Massoud wrote on Twitter, “We are in Panjshir, and our Resistance will continue.”

Massoud also stated that he was safe, but provided no further information on his whereabouts. The resistance front’s statement comes a day after they announced their principal spokesperson, Fahim Dashti died in a fight with the Taliban, Sunday.

After days of combat with the National Resistance Front of Afghanistan (NRFA), led by Panjshiri leader Ahmad Massoud, pictures on social media showed Taliban members standing in front of the gate of the Panjshir provincial governor’s compound.

“Panjshir, which was the last hideout of the escapee enemy, is captured,” Taliban spokesman Zabihullah Mujahid told a news conference.

Fierce fighting has followed in Panjshir Valley since August 15 after Kabul fell from a surprisingly quick Taliban offensive.

The rocky valley north of Kabul has a long history of withstanding attacks, including those launched by mighty Soviet soldiers in the 1980s and the Taliban during their prior control in the 1990s.

After the September 11 attacks on the United States, it was the major redoubt of the Northern Alliance resistance forces that overthrew the Taliban with US air backing in 2001.

The Taliban promised the valley’s residents, who are ethnically different from the Taliban’s majority Pashtun, that no “discriminatory act” would be taken against them.

Hardliner?

The Taliban have tried to convince Afghans and foreign countries that they will not return to their previous ruthless rule when they carried out horrific public punishments and prevented women and girls from participating in public life.
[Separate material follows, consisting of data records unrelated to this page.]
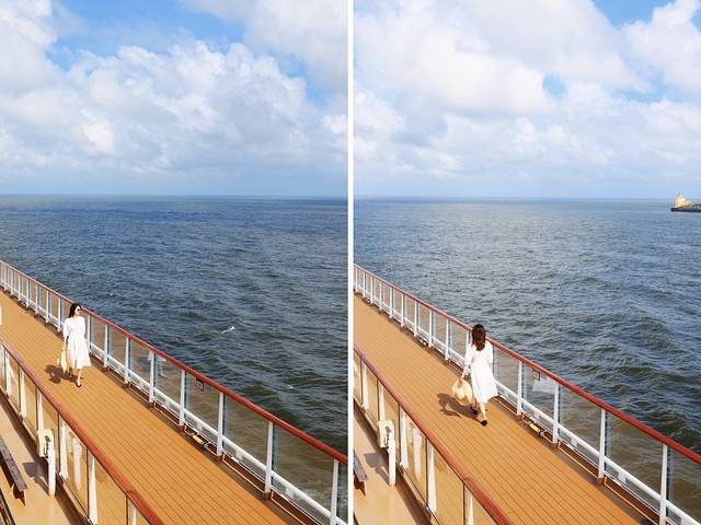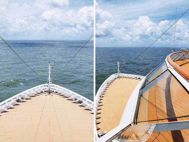 可以拍到尖尖船头,那便是一望无际的海景与船身的结合~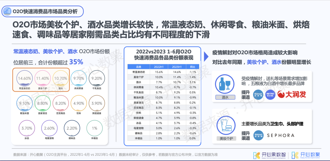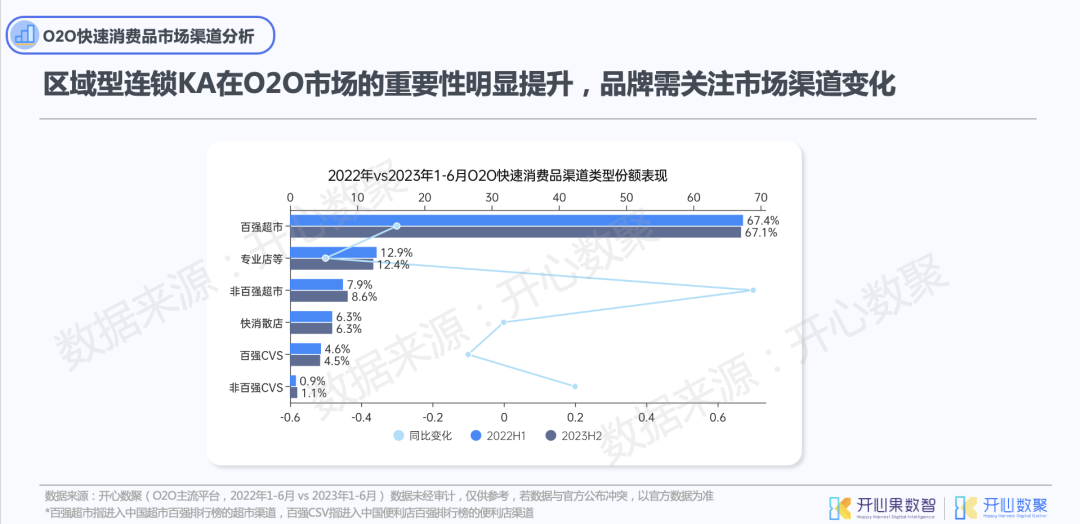 8月15日,開(kāi)心數(shù)聚直播分享解讀《2023上半年O2O市場(chǎng)洞察報(bào)告》,從市場(chǎng)趨勢(shì)、城市表現(xiàn)、渠道表現(xiàn),以及快消品品類等多個(gè)角度,對(duì)O2O快速消費(fèi)品市場(chǎng)進(jìn)行洞察。本文將為您呈現(xiàn)要點(diǎn)回顧。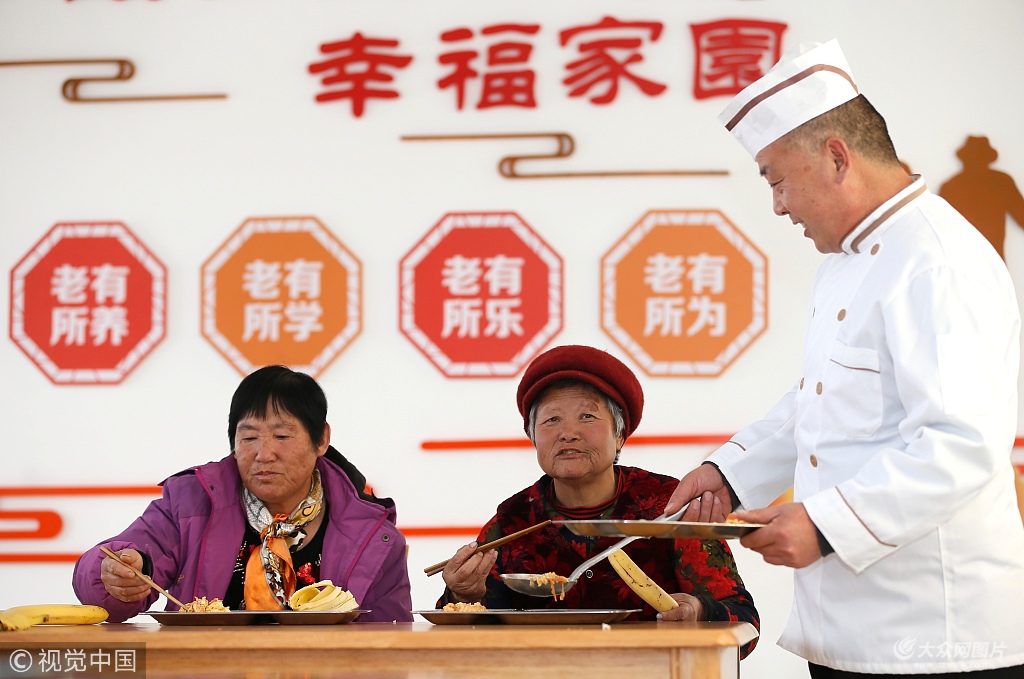 2018年11月27日,山東青島市即墨區(qū)靈山鎮(zhèn)的“助老大食堂”工作人員王顯忠(右一)為老人們加菜。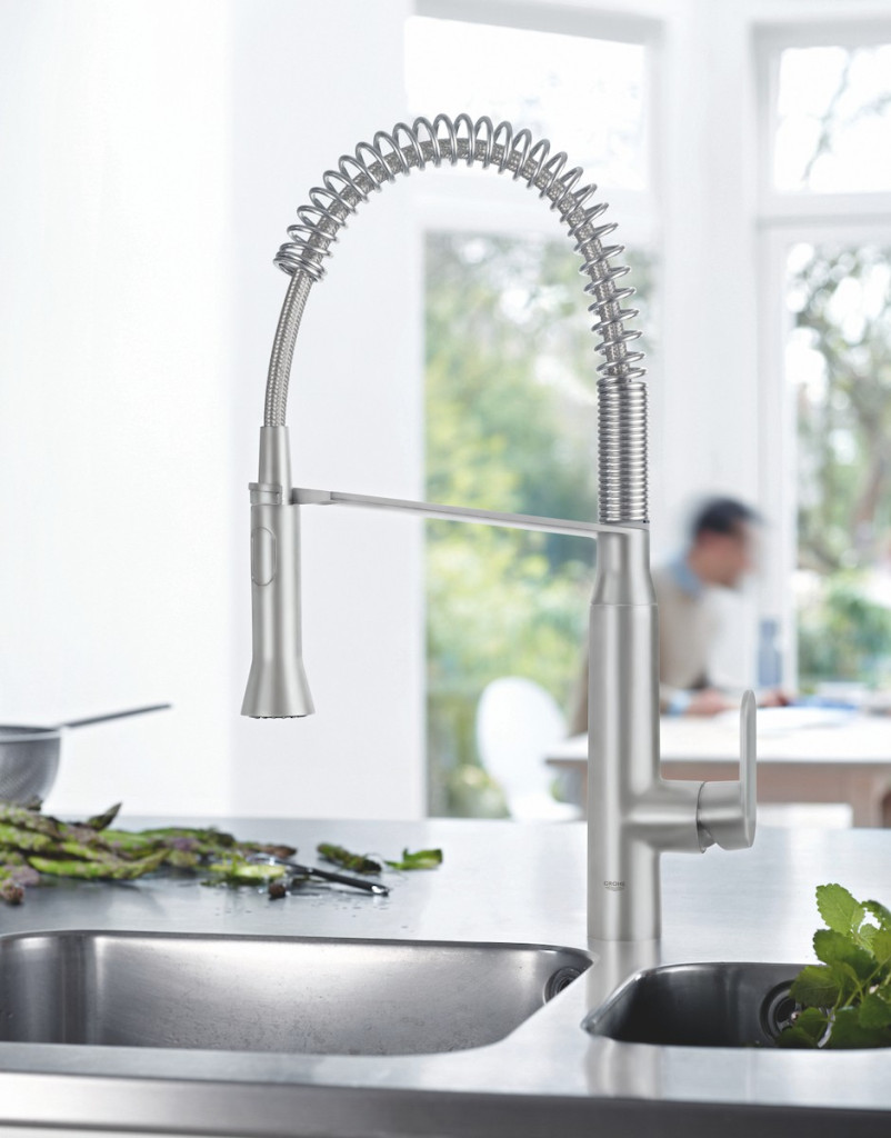 Kuchyňská baterie GROHE K7, středně vysoká výpusť, profesionální sprcha, GROHE SuperSteel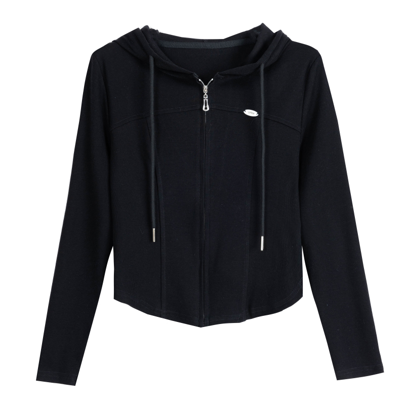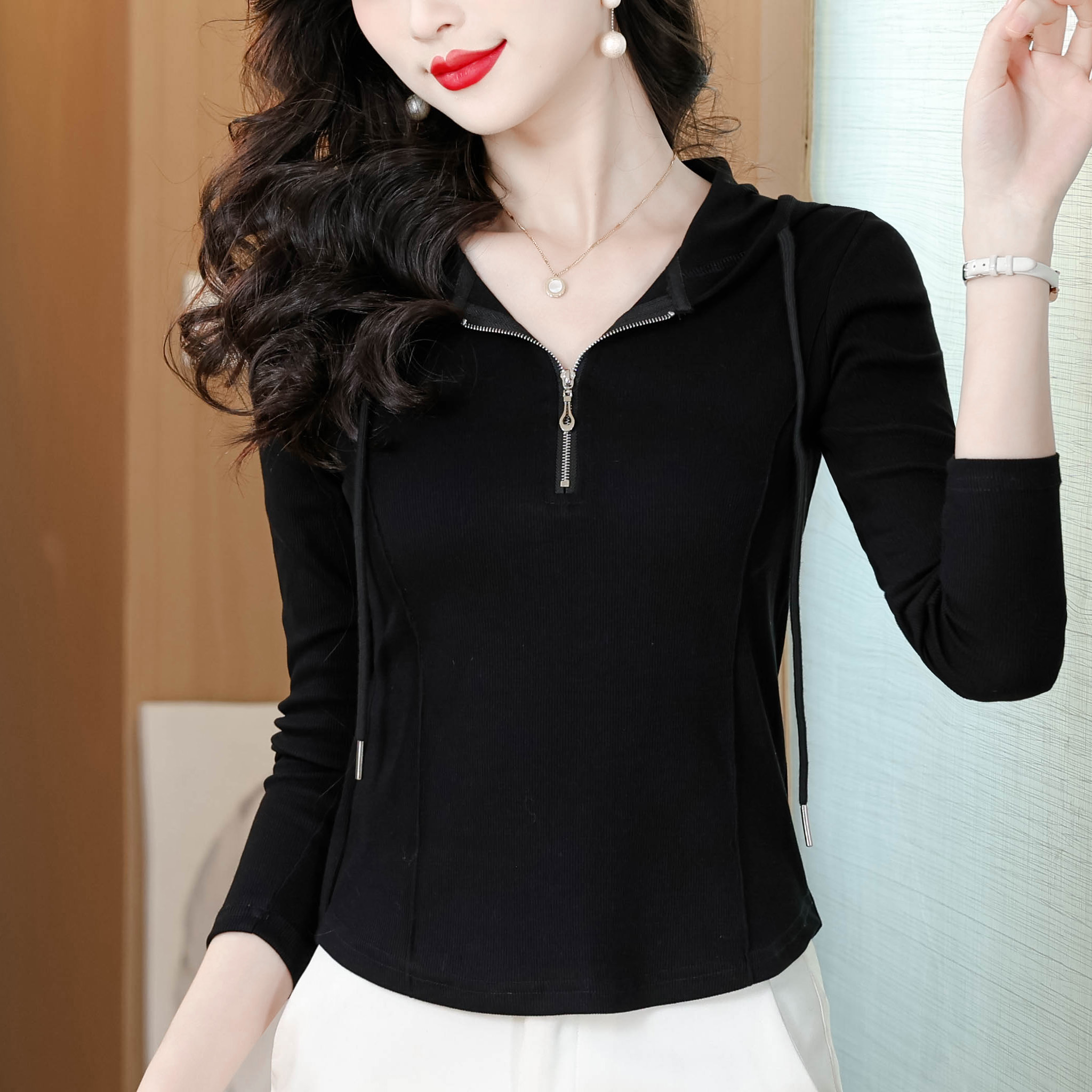 BY11133# 春季新款纯色连帽百搭修身长袖T恤女简约休闲常规正肩上衣 服裝批發女裝批發服飾貨源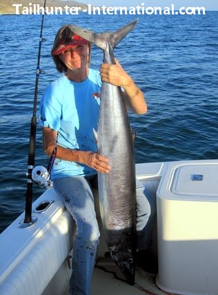 Again, it's pretty late to see wahoo pop into the counts, but after waiting all year for wahoo in what has been one of the poorest wahoo season in many years, a few of the big skinnies were taken sporadically off the north and south end of Cerralvo Island. Fishermen in the areas said it wasn't consistent and if you go there be ready for some possibly rough water and wind as both areas take currents from all directions which can be exacerbated if the winds are blowing. As one of our anglers said, "We were soaking wet, but it was worth it to finally get a wahoo." Our amiga, Sue Paul, holds up one that she took at north point.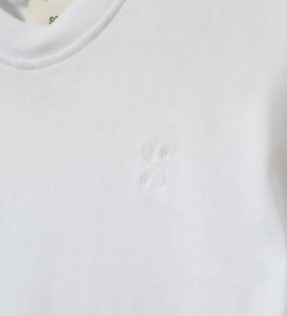 Elegant Sofie Schnoor t-shirt i en enkel hvid nuance med et diskret broderet logo på venstre bryst. T-shirten er designet med korte ærmer og en klassisk rund halsudskæring. Den fremstår med et stilrent look, der er let at integrere i garderoben.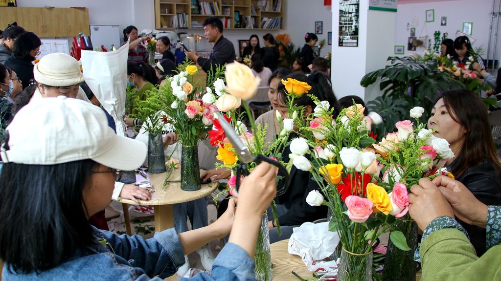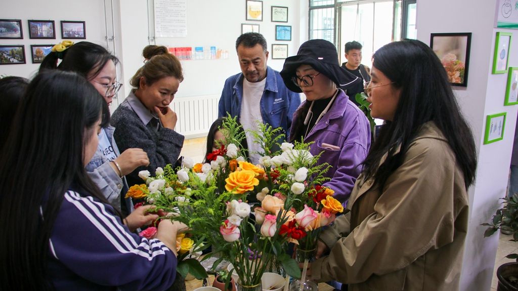 在实操环节,老师们迫不及待地拿起花材与工具,在花艺师的耐心指导下,充分发挥自己的创意与想象,精心构思、细心修剪、用心搭配。不一会儿,原本普通的花材在老师们的巧手下,变成了一束束造型各异、娇艳欲滴的插花作品。大家手捧自己的杰作,脸上洋溢着幸福与自豪的笑容。活动接近尾声,老师们纷纷展示自己的插花作品,并分享创作心得。现场气氛热烈,大家相互交流、相互欣赏,共同感受着插花艺术带来的乐趣与美好。
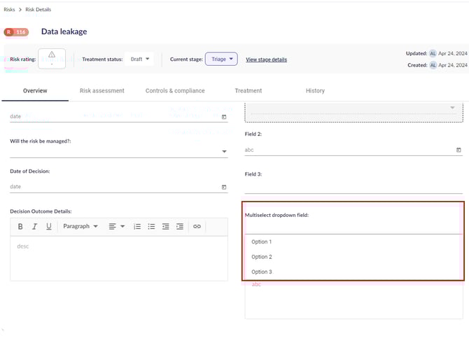 The custom field has now been successfully created and available in all risks.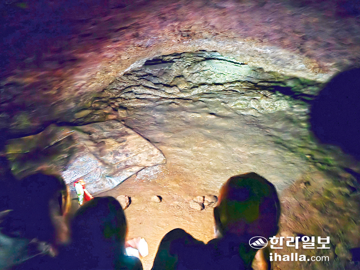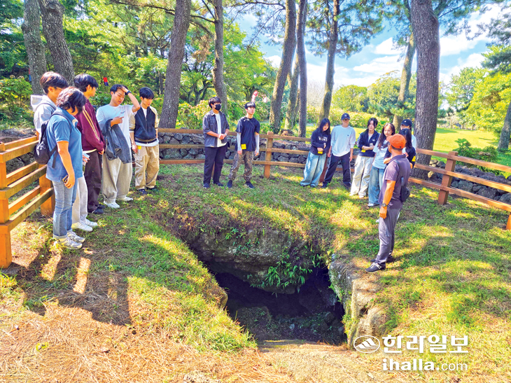 | 서귀포시 성산읍 온평리 혼인지에 위치한 동굴에서 학생들이 강순석 박사의 설명을 듣고 있다. 강다혜기자 |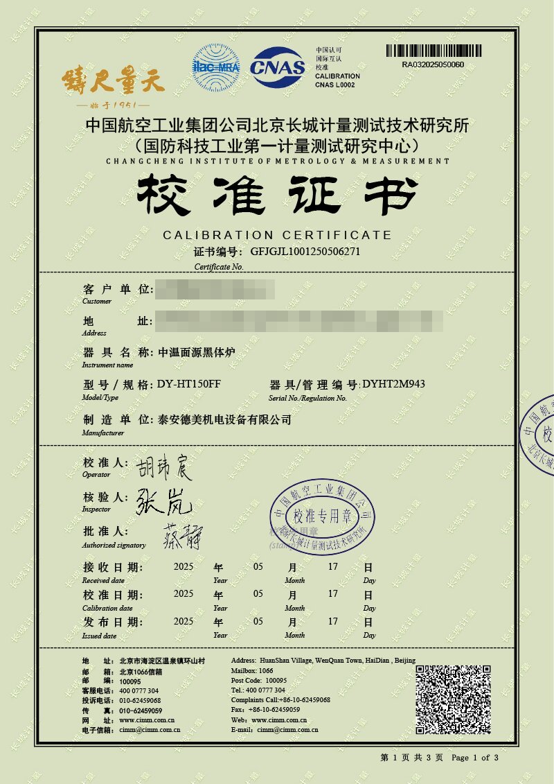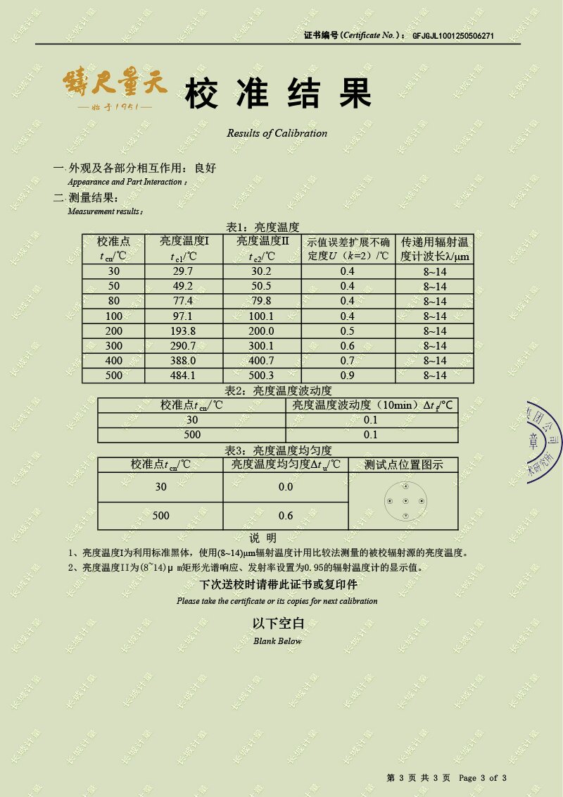 中溫面源黑體爐(室溫+5-500℃)校準證書 2025-5-21 本文被閱讀 4170 次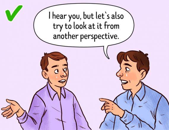 Στις περιπτώσεις όπου οι δικές σας απόψεις διαφέρουν με αυτές που εκφέρει ο συνομιλητής σας, εσείς προσπαθήστε να μην το πάρετε κατάκαρδα και να μην τον προσβάλλετε. Προσπαθήστε να “μπείτε” στα “παπούτσια” του και να εκφέρετε επιχειρήματα που συμφωνούν με τον τρόπο σκέψης σας αλλά θα μπορέσουν να πείσουν τον συνομιλητή σας.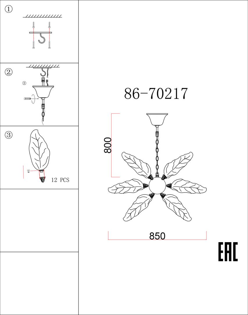 Потолочный светильник Garda Decor 86-70217 Люстра d.85 h.50см, металл цвет золото арт. 86-70217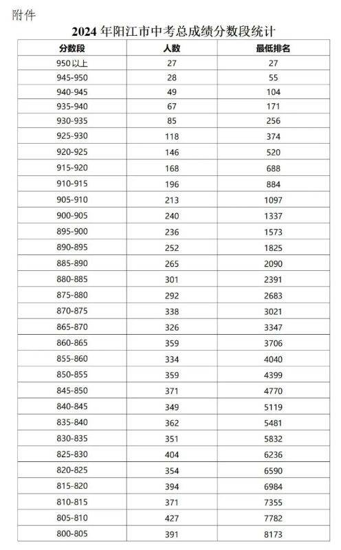 2025年阳江市中考一分一段表尚未公布,现提供2024年阳江市中考一分一段表参考。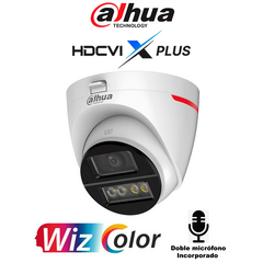 DAHUA DH-HAC-HDW1549XN-A-PRO -Cámara Domo 5MP WizColor/Imagen 24 Horas a Color/Corrección de Imagen Mediante IA/ Iluminador Int con Luz Calida/ Hasta 50m Ilumin/ Doble Mic Incorp/Lente de 2.8mm Visión de Hasta 101°/WDR Real/ Policarbonato+Metal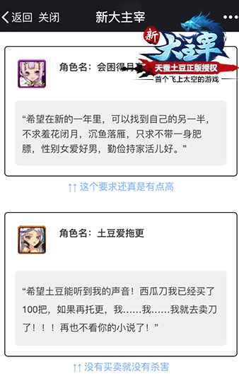 从后台的记录来看,许多铁杆土豆粉为《新大主宰》原作小说作者,爱拖更的天蚕土豆送上了“衷心的祝福”,要给他送上刀片蜡烛小皮鞭等贴心大礼。在单身狗普遍求带走,秀恩爱被咒死得快的大环境下,一句“全世界都充满了恋爱的酸臭味,只有我散发出单身狗的清香”显得那样超凡脱俗。还有才艺达人吹口哨娇喘若干,优秀的表演达到了听到的人都想去厕所的地步。能得蛇精病玩家如此,后台工作人员的内心一定是崩溃的!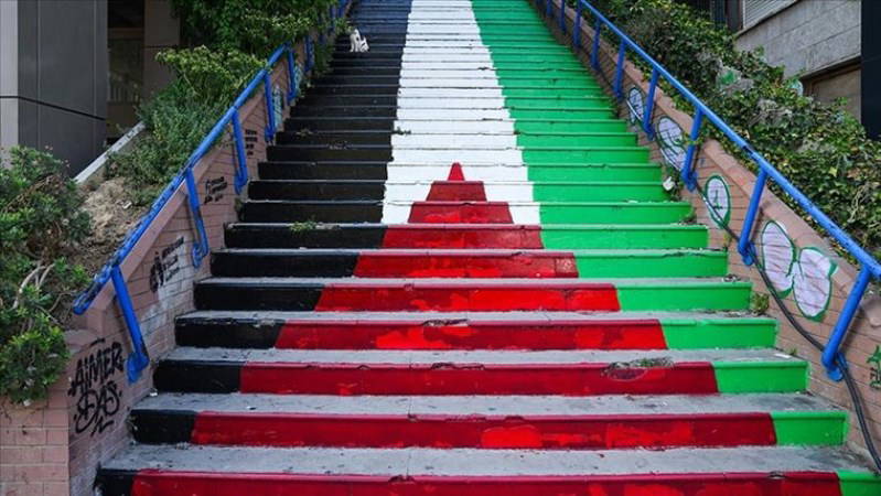 Merdivenler geçen hafta, bir grup tarafından İsrail'in Filistin'e yönelik saldırılarını protesto etmek ve Gazze'ye destek olmak amacıyla Filistin bayrağı resmedilerek boyandı.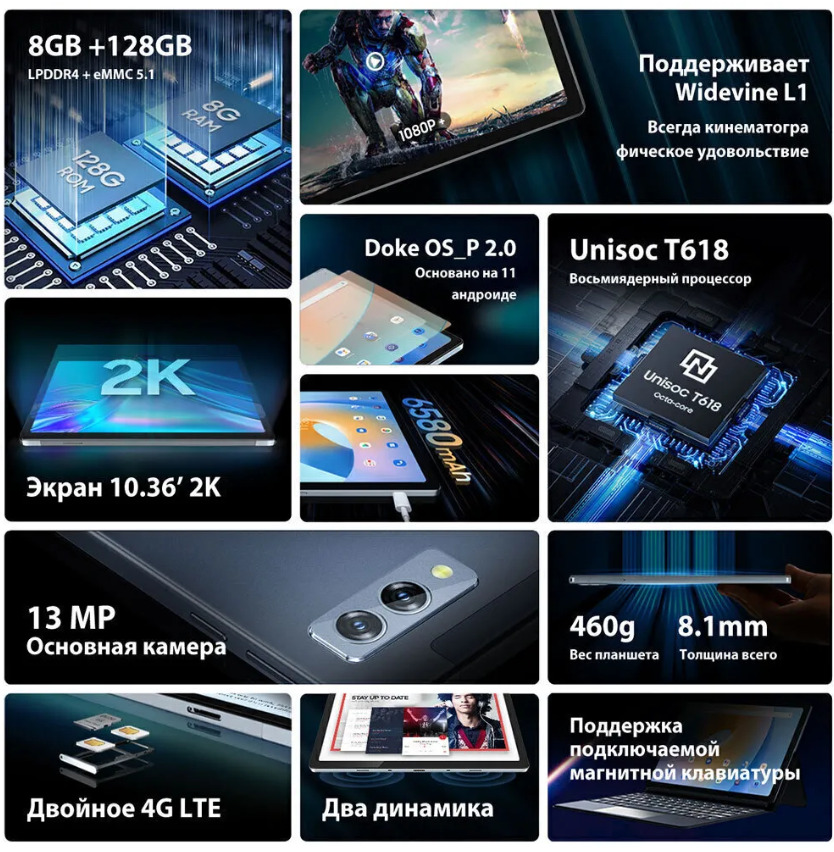 Детский планшет Teclast M40 pro, 10.1", 128GB, черно-серый

However, media reports have time and again brought up intolerant antics of the Taliban soldiers towards Afghans, despite promises of Amnesty.

Reuters reported, female students were separated in class with curtains and taught separately, or restricted to particular portions of the campus, according to teachers and students at universities in Afghanistan’s main cities, Kabul, Kandahar, and Herat.

Before the Taliban took power, female students sat separately from males in university classes, but classrooms were not physically divided, according to one female student, Reuters reported.

The Taliban is known for their Austere interpretation of the Koran.

Crumbling

Afghanistan since the 19th Century has been through a rough fate and so were its citizens. War, inflation, corruption and a bad name in the international community have whacked the nation of its growth.

Twenty years on, millions of Afghans remained susceptible to political turmoil, violence and at risk of war, despite Western baked governments’ experiment with democracy for two decades.

As of now, hundreds of medical facilities in Afghanistan are reportedly at risk of closing because Western donors are prohibited from dealing with the Taliban, according to a World Health Organization official.

The WHO is attempting to bridge the gap by supplying supplies, equipment, and funding to 500 health centres, as well as coordinating medical delivery with Qatar, according to Rick Brennan, the UN health agency’s regional emergency director.